The oral and maxillofacial surgery field is being transformed by digital surgery planning, with 3D printing of surgical guides and patient-specific implants enabling unprecedented precision in orthognathic and reconstructive procedures. Computer-aided surgical navigation systems are being adopted for complex procedures, allowing real-time tracking of instrument position relative to critical anatomical structures. The dental implant market continues to expand rapidly, with new implant designs, surface technologies, and regenerative biomaterials creating improved outcomes for patients with compromised bone. Minimally invasive techniques, including endoscopic approaches to TMJ surgery and facial fracture repair, are reducing patient morbidity and recovery times. The integration of cone beam CT technology into office practices has revolutionized pre-surgical planning and made complex procedures more predictable. There is growing overlap with plastic surgery in cosmetic facial procedures, creating both opportunities and competitive dynamics in the aesthetic market. Research in tissue engineering and growth factors holds promise for regenerating bone and soft tissue, potentially eliminating the need for donor site harvesting in reconstructive cases.
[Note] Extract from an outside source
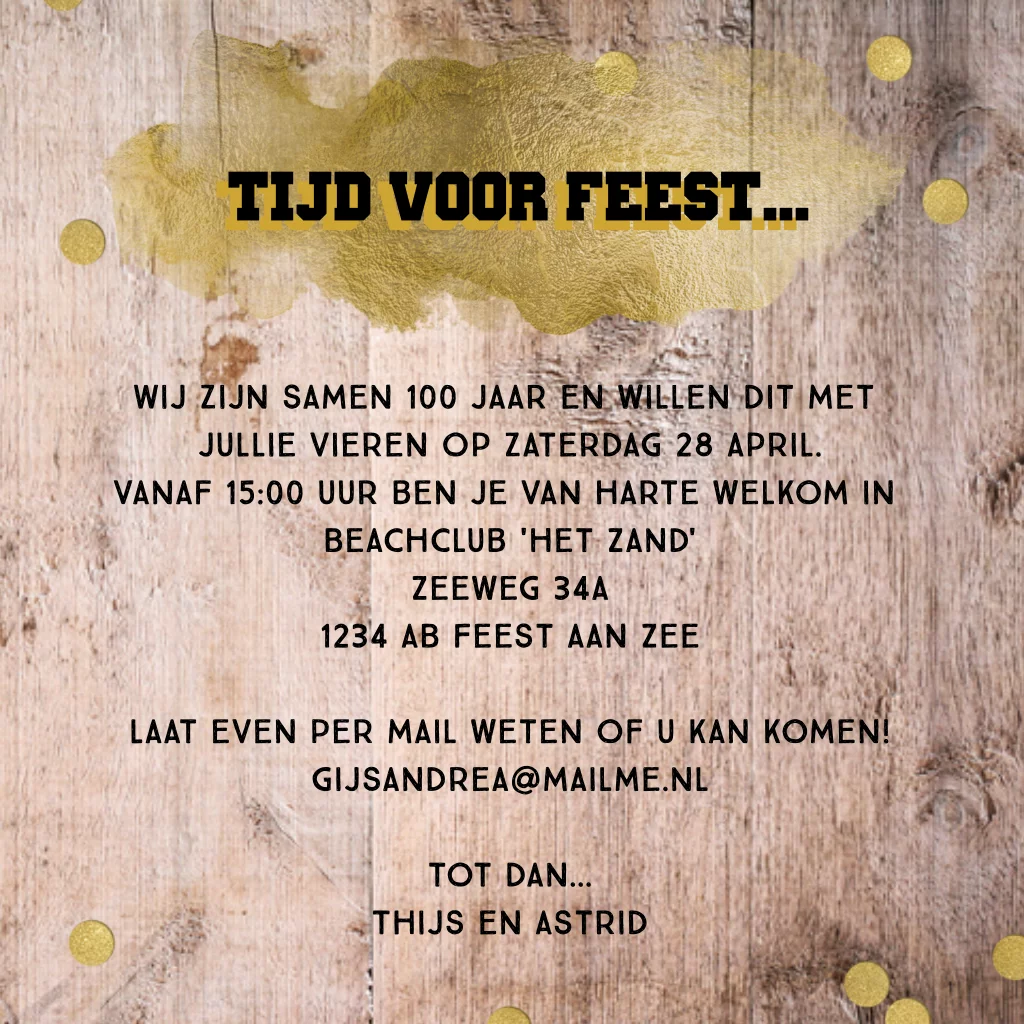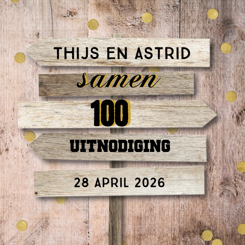Uitnodiging samen 100 met houten bord en confetti. (6441)

How to Break Into This Career

Aspiring oral and maxillofacial surgeons must first focus on competitive admission to dental school, which requires strong academic performance, particularly in sciences, and competitive scores on the Dental Admission Test (DAT). During dental school, seeking research opportunities in oral surgery, obtaining strong clinical evaluations in surgical rotations, and building mentorship relationships with OMS faculty are essential steps. Performing well on the national dental board examinations and obtaining stellar letters of recommendation from oral surgery faculty significantly strengthen residency applications. The oral surgery residency match is highly competitive, with applicants needing to demonstrate exceptional manual dexterity, strong academic credentials, and research productivity. Spending elective rotations at multiple oral surgery residency programs provides exposure to different training philosophies and helps applicants make informed rank-list decisions. Involvement in student oral surgery organizations and attendance at conferences like the AAOMS annual meeting demonstrate professional commitment and facilitate networking. Understanding that the training commitment extends 8 to 14 years beyond high school helps candidates mentally prepare for the marathon of education required to enter this rewarding field.

Career Pivot Tips

General dentists with strong surgical aptitude can pursue OMS residency training, bringing their existing patient management skills and dental knowledge as a strong foundation. Physicians in other surgical specialties can leverage their medical training and surgical experience, though completing dental school or a combined OMS/MD program is typically required. Emergency medicine physicians who regularly manage facial trauma bring relevant acute care experience and procedural comfort that transfers well to the emergency aspects of OMS practice. Biomedical engineers involved in implant design or surgical planning software development bring technical expertise that complements clinical training in increasingly technology-driven surgical practice. Military dentists with oral surgery experience gain exposure to complex trauma management that is directly applicable to civilian OMS practice. Prosthodontists who wish to expand into the surgical aspects of implant care can apply their understanding of restorative outcomes to inform surgical decision-making. Research scientists working on biomaterials, bone biology, or wound healing bring fundamental knowledge that enriches clinical practice and creates opportunities in academic oral surgery.